▶ _DATA PROVIDED_:
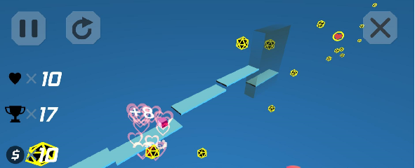 控制方块跳跃前进,收集爱心,以赢得更好的分数与奖励。
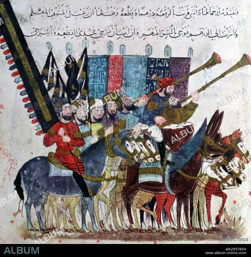 Caption: Procession at the end of Ramadan. Maqamat of al-Hariri, Bibliothèque nationale de France, manuscript Arabe 5847, 1237AD. Folio 19 Recto: maqama 07. Procession at the end of Ramadan. The Assemblies of al-Hariri recounts in the words of the narrator, al-Harith ibn Hammam and al-Hariri's several encounters with artist Abu Zayd al-Saruji
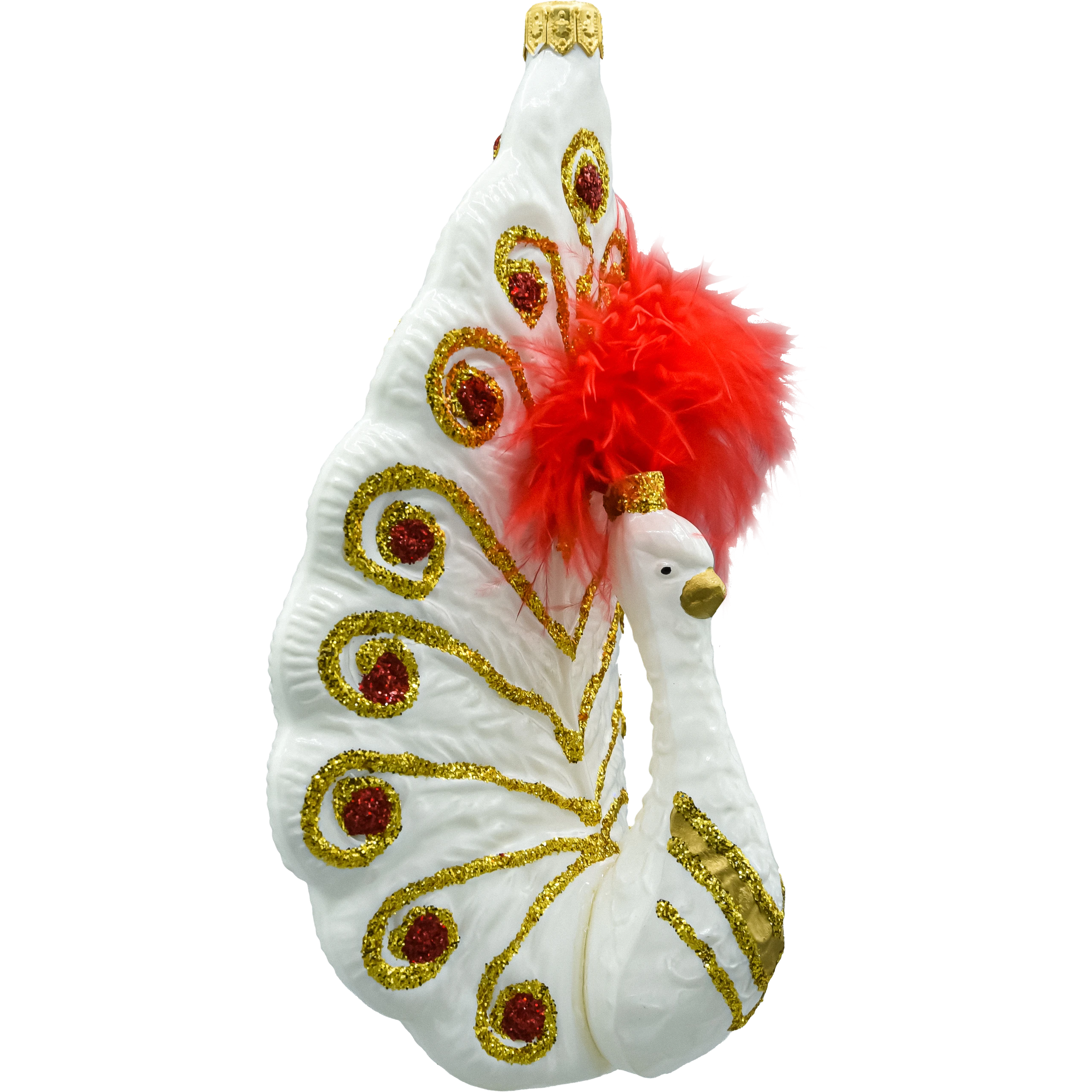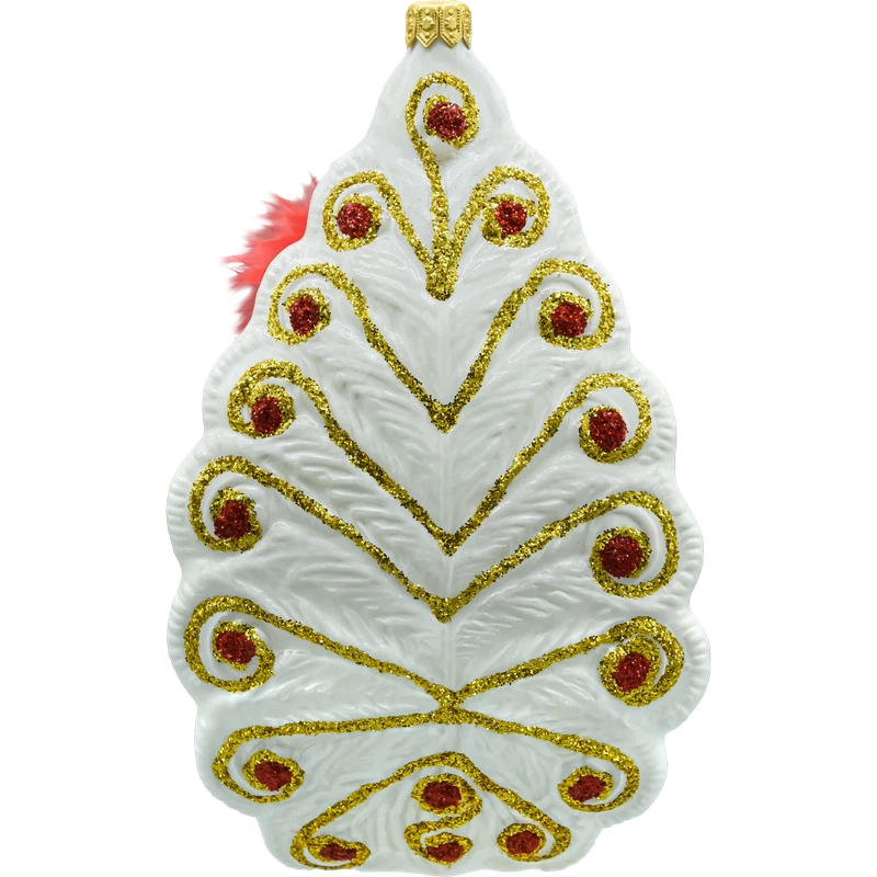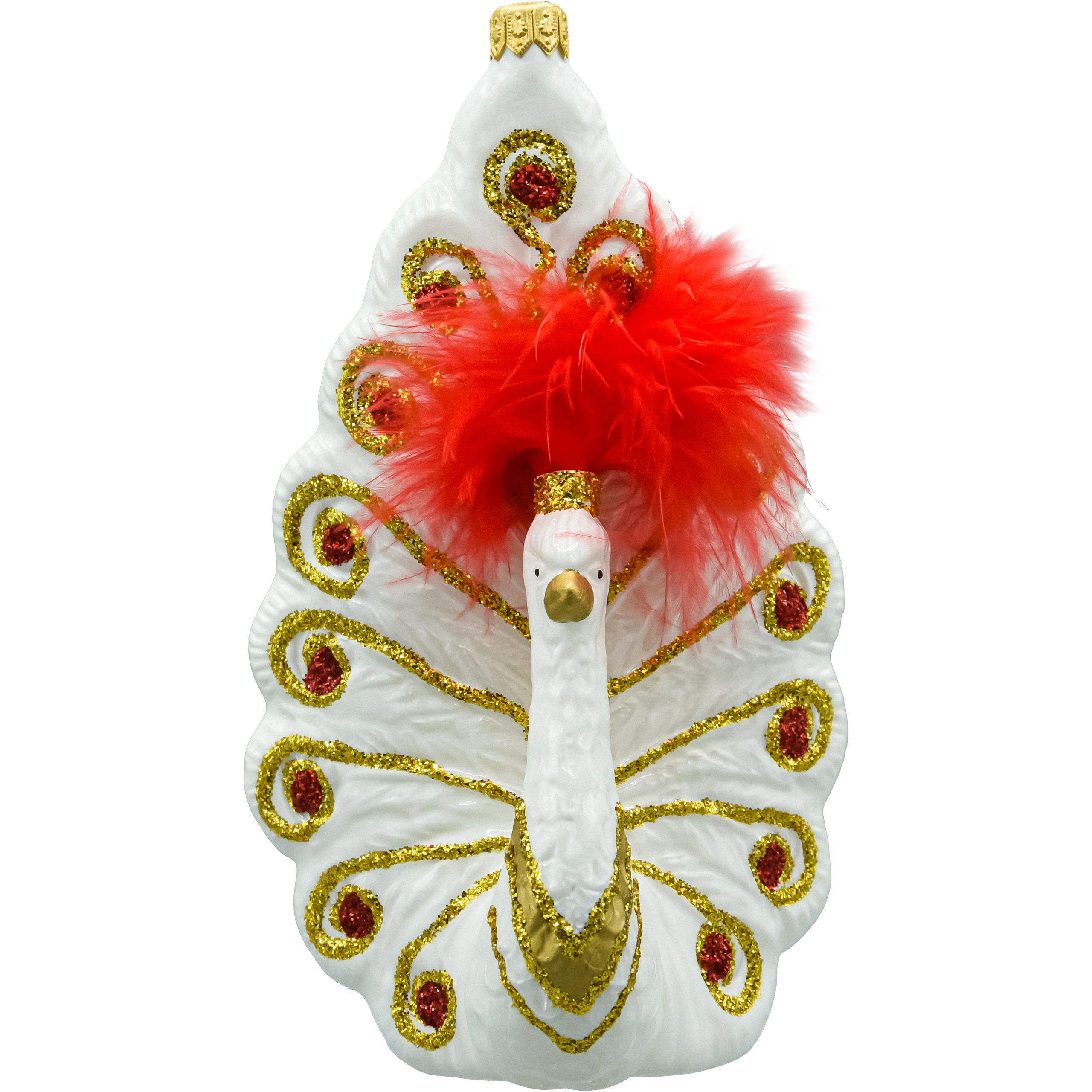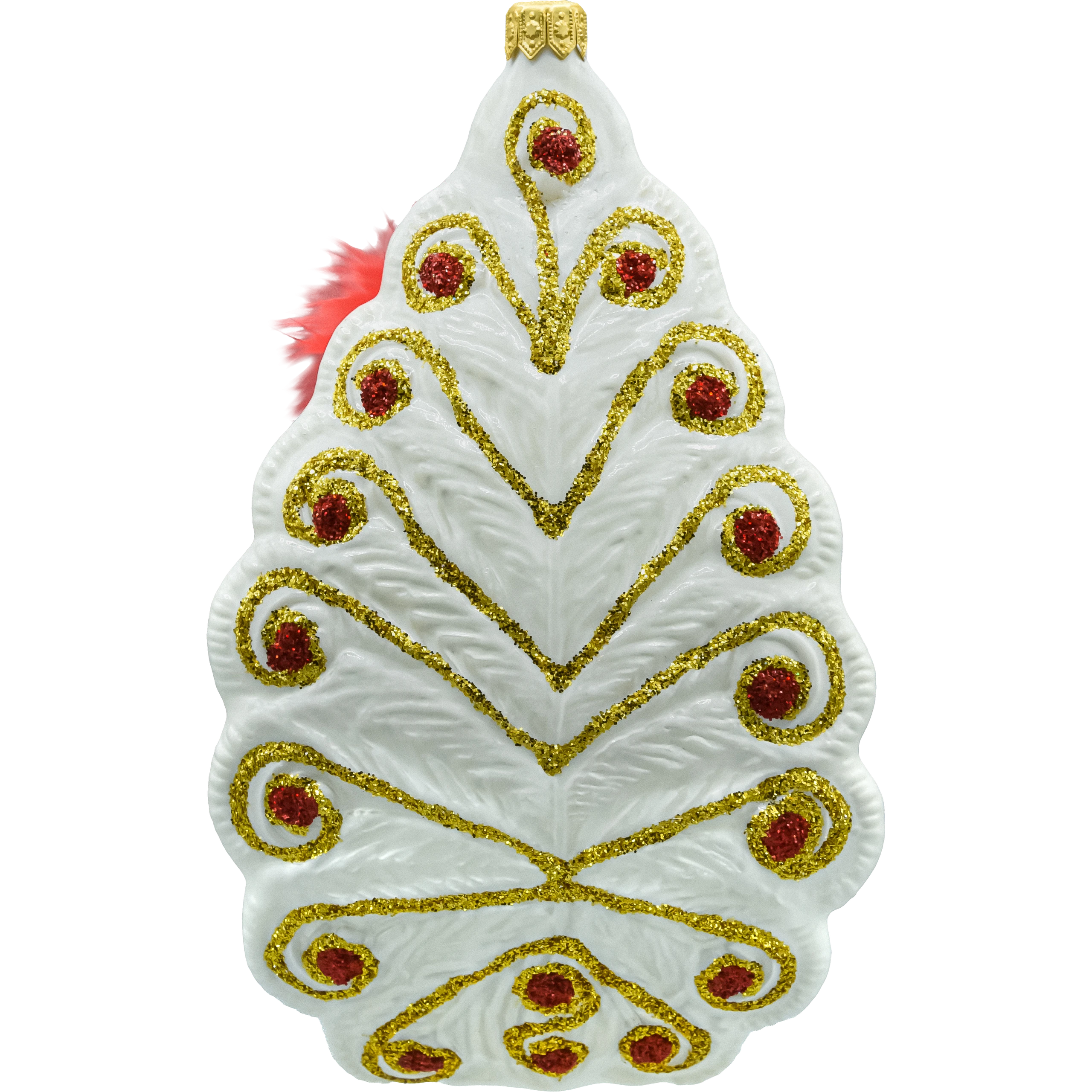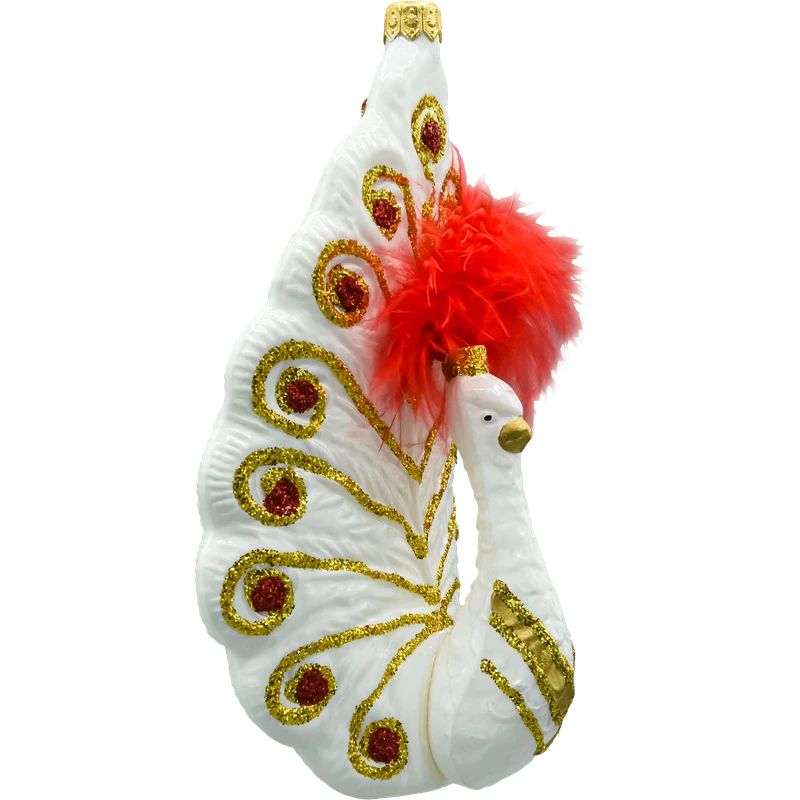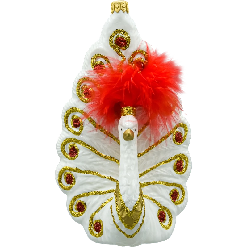 Biżuteryjna elegancja na świątecznym drzewku. Szklana bombka „Paw biały glamour” zachwyca wachlarzem ogona w perłowej bieli, poprowadzonymi ręcznie złotymi ornamentami i „oczkami” w czerwonym brokacie. Nad głową ptaka osadzono miękkie pióro w intensywnej czerwieni, które dodaje całości teatralnego, świątecznego blasku. Smukła szyja, subtelne cieniowania i wypukłe reliefy pięknie łapią światło lampek – to ozdoba, która natychmiast staje się centrum kompozycji.
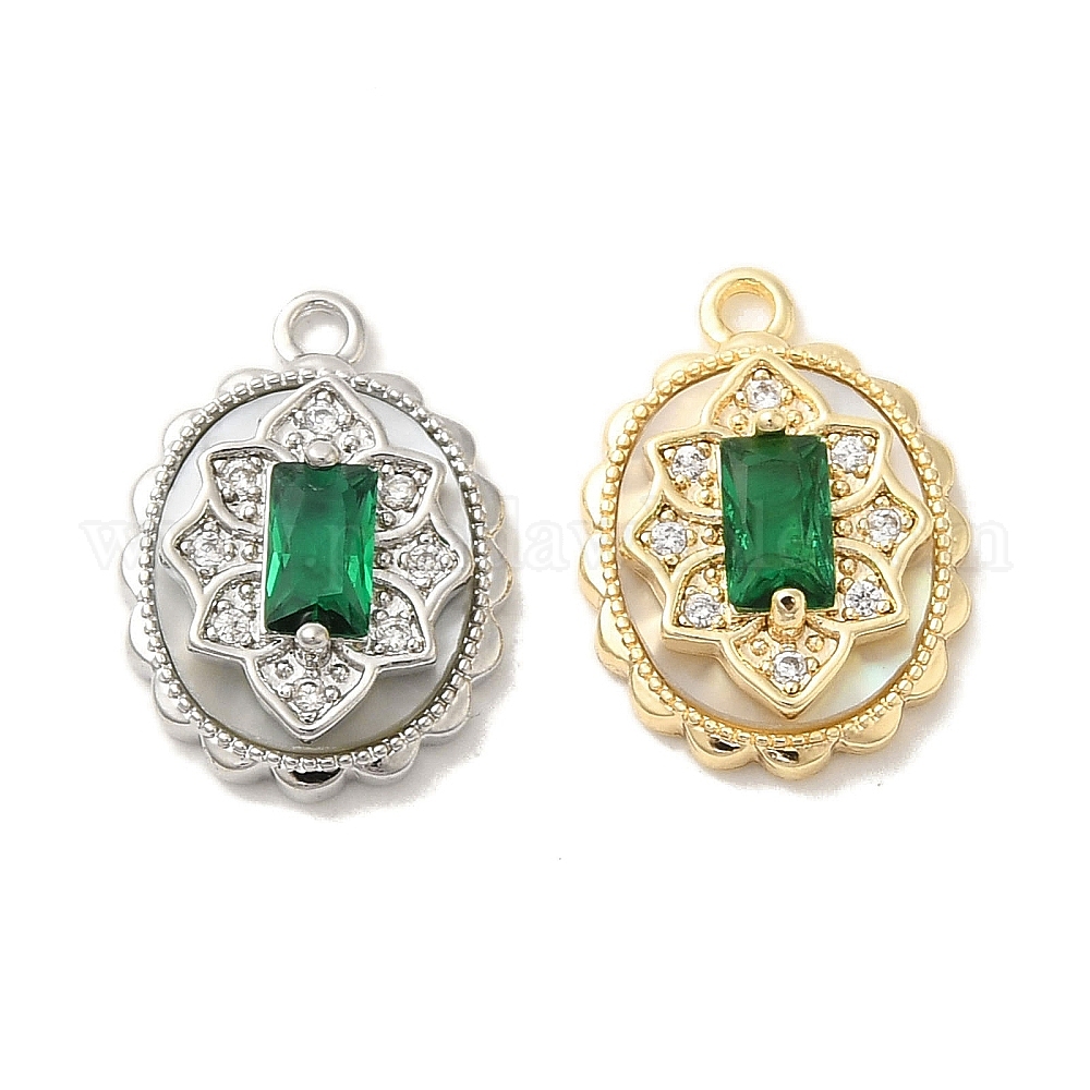 Латунные микропаве прозрачные подвески с фианитом, без кадмия, без никеля и без свинца, со стеклом, ракушкой и кольцом для прыжков, овальные с цветком (02XCRN)
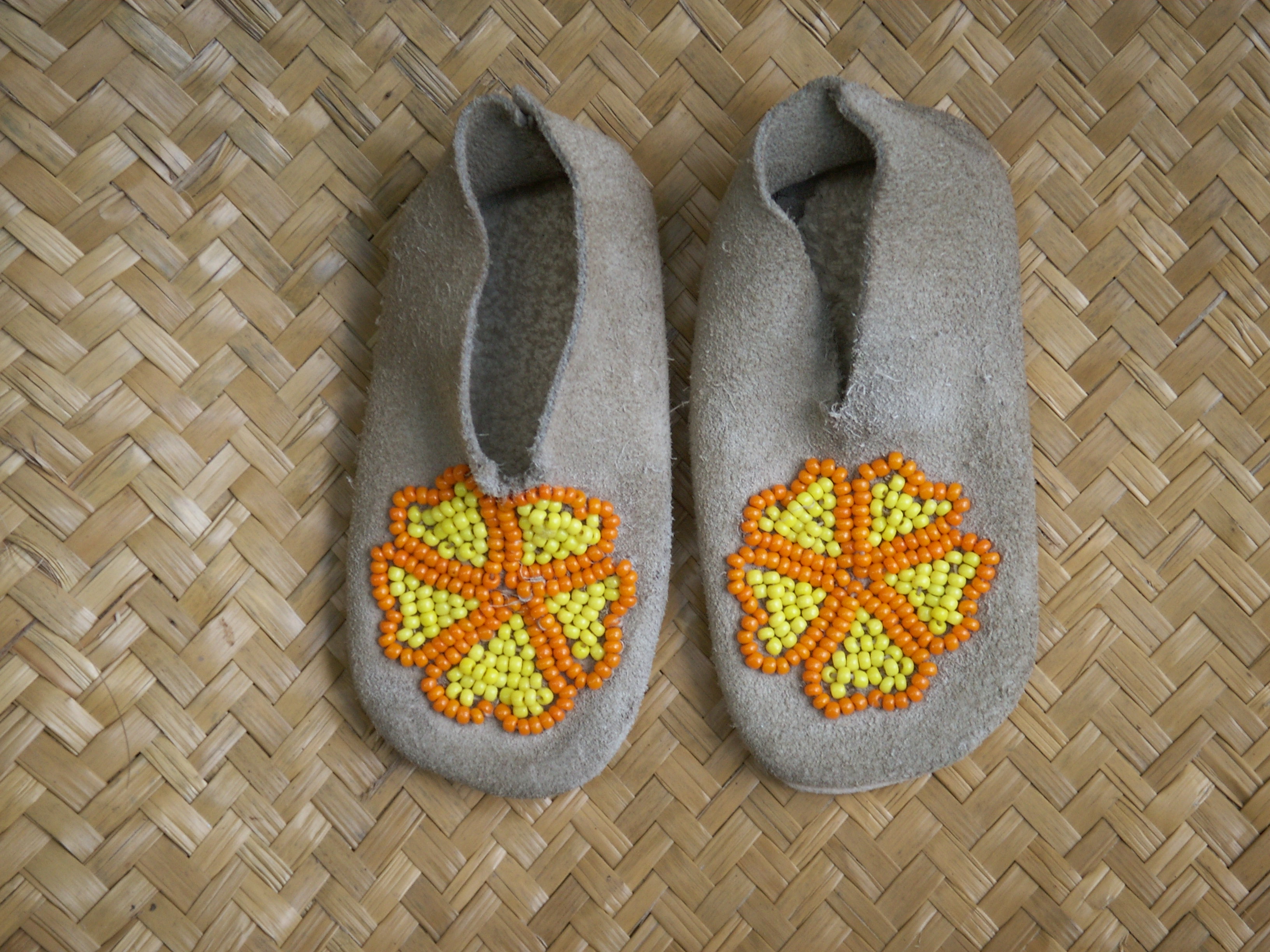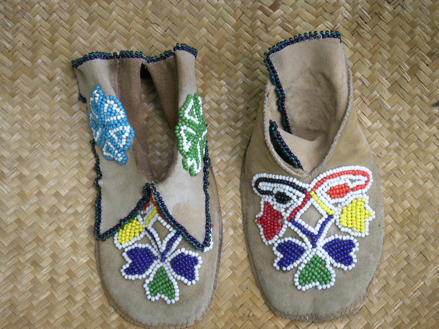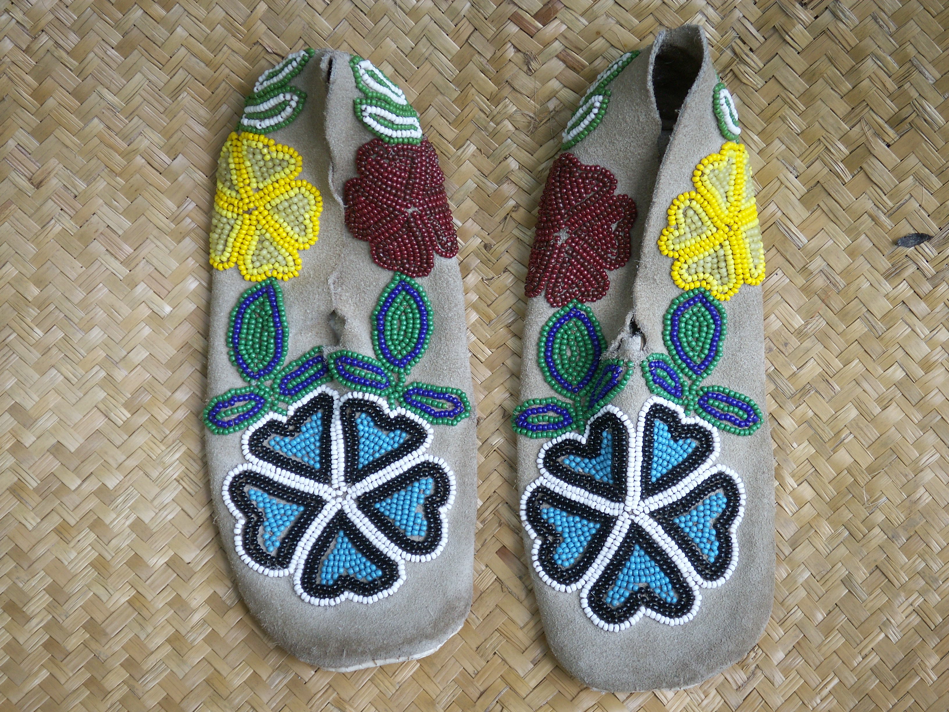 The third and fourth row of photos are shoes that Melinda Carriker made based on the designs of the shoes at the Milwaukee Public Museum. She used French glass beads size 4 mm for shoes 1-2 and the baby shoes and size 8/0 for shoe 3.

▶ _REQUIRED ACTION_:
Hand back the exact lines from the start of the entries to the line with "Biżuteryjna elegancja na", both ends kept and pictures left out.

▶ _RESPONSE AREA_:
 控制方块跳跃前进,收集爱心,以赢得更好的分数与奖励。
 Caption: Procession at the end of Ramadan. Maqamat of al-Hariri, Bibliothèque nationale de France, manuscript Arabe 5847, 1237AD. Folio 19 Recto: maqama 07. Procession at the end of Ramadan. The Assemblies of al-Hariri recounts in the words of the narrator, al-Harith ibn Hammam and al-Hariri's several encounters with artist Abu Zayd al-Saruji
 Biżuteryjna elegancja na świątecznym drzewku. Szklana bombka „Paw biały glamour” zachwyca wachlarzem ogona w perłowej bieli, poprowadzonymi ręcznie złotymi ornamentami i „oczkami” w czerwonym brokacie. Nad głową ptaka osadzono miękkie pióro w intensywnej czerwieni, które dodaje całości teatralnego, świątecznego blasku. Smukła szyja, subtelne cieniowania i wypukłe reliefy pięknie łapią światło lampek – to ozdoba, która natychmiast staje się centrum kompozycji.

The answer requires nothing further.